From the data below, return only the lines from the one with "WASHINGTON, D.C. –" through the one with "Apetatitlán, Tlax, 20", exact and inclusive, with pictures left out.

Source records »
<<<<

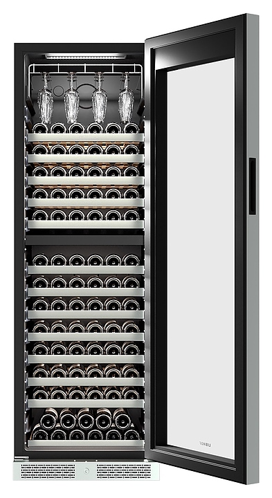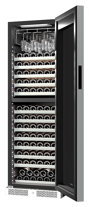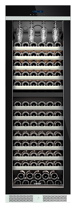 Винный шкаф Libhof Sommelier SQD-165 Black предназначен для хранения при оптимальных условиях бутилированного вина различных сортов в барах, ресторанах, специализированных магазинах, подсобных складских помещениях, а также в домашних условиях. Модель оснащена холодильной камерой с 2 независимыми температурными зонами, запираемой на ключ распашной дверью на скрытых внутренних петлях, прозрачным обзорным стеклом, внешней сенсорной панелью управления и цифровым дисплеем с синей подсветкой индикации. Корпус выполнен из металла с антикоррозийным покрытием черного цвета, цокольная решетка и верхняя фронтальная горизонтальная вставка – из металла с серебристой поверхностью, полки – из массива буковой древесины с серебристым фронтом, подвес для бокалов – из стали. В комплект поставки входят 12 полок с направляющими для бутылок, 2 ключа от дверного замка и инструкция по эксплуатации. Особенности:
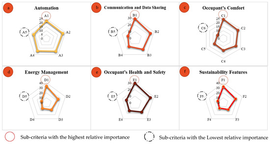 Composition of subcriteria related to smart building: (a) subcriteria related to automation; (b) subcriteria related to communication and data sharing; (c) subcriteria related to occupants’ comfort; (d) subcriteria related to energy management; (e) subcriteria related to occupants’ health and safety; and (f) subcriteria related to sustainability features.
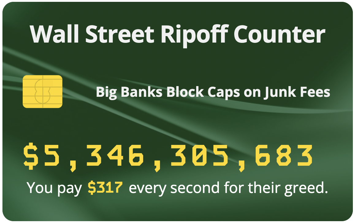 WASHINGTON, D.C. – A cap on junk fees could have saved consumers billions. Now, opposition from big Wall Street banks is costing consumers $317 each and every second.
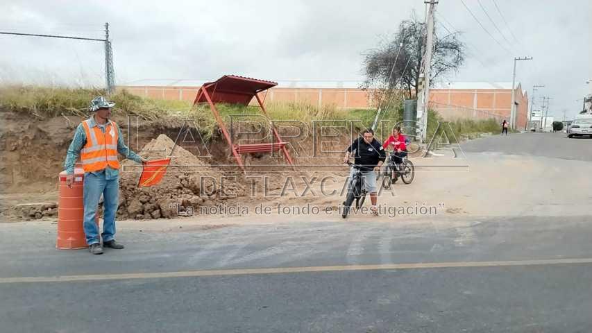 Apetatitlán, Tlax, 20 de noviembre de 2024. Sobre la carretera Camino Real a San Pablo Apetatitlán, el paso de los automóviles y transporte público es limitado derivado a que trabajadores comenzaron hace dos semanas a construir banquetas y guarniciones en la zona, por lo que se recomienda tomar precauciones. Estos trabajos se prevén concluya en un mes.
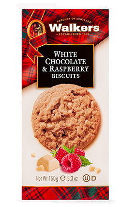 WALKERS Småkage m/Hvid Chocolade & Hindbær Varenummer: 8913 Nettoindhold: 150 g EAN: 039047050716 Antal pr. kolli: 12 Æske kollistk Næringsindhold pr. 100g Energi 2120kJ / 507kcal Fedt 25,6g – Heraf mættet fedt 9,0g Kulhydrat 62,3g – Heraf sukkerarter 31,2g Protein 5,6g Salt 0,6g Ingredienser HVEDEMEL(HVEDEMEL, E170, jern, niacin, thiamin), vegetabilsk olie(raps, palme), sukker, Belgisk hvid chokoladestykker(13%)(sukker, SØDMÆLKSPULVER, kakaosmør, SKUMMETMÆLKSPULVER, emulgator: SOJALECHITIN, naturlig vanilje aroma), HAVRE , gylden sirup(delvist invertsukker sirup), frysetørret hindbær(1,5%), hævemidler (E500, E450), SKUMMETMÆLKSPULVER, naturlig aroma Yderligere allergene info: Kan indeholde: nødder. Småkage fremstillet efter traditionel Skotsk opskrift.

>>>>
<<<<

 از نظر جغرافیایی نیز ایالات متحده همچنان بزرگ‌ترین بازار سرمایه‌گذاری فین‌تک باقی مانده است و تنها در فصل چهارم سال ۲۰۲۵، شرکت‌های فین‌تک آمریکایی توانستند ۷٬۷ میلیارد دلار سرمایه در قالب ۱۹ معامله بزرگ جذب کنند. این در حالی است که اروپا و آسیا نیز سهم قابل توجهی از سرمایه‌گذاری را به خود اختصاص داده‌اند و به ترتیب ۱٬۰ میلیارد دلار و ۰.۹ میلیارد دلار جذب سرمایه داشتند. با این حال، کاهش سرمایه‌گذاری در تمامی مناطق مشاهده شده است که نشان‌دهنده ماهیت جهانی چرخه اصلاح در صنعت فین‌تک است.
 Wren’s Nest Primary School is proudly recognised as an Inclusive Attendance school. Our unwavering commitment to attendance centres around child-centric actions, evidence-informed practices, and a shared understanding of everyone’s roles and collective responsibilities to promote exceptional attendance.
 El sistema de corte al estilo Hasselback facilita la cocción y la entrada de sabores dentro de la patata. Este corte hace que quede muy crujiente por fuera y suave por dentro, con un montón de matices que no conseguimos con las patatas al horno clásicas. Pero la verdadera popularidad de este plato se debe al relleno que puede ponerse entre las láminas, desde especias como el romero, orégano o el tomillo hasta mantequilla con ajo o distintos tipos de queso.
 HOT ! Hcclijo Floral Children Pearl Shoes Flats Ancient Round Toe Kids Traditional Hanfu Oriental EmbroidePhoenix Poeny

>>>>

Exercise answer »
 WASHINGTON, D.C. – A cap on junk fees could have saved consumers billions. Now, opposition from big Wall Street banks is costing consumers $317 each and every second.
 Apetatitlán, Tlax, 20 de noviembre de 2024. Sobre la carretera Camino Real a San Pablo Apetatitlán, el paso de los automóviles y transporte público es limitado derivado a que trabajadores comenzaron hace dos semanas a construir banquetas y guarniciones en la zona, por lo que se recomienda tomar precauciones. Estos trabajos se prevén concluya en un mes.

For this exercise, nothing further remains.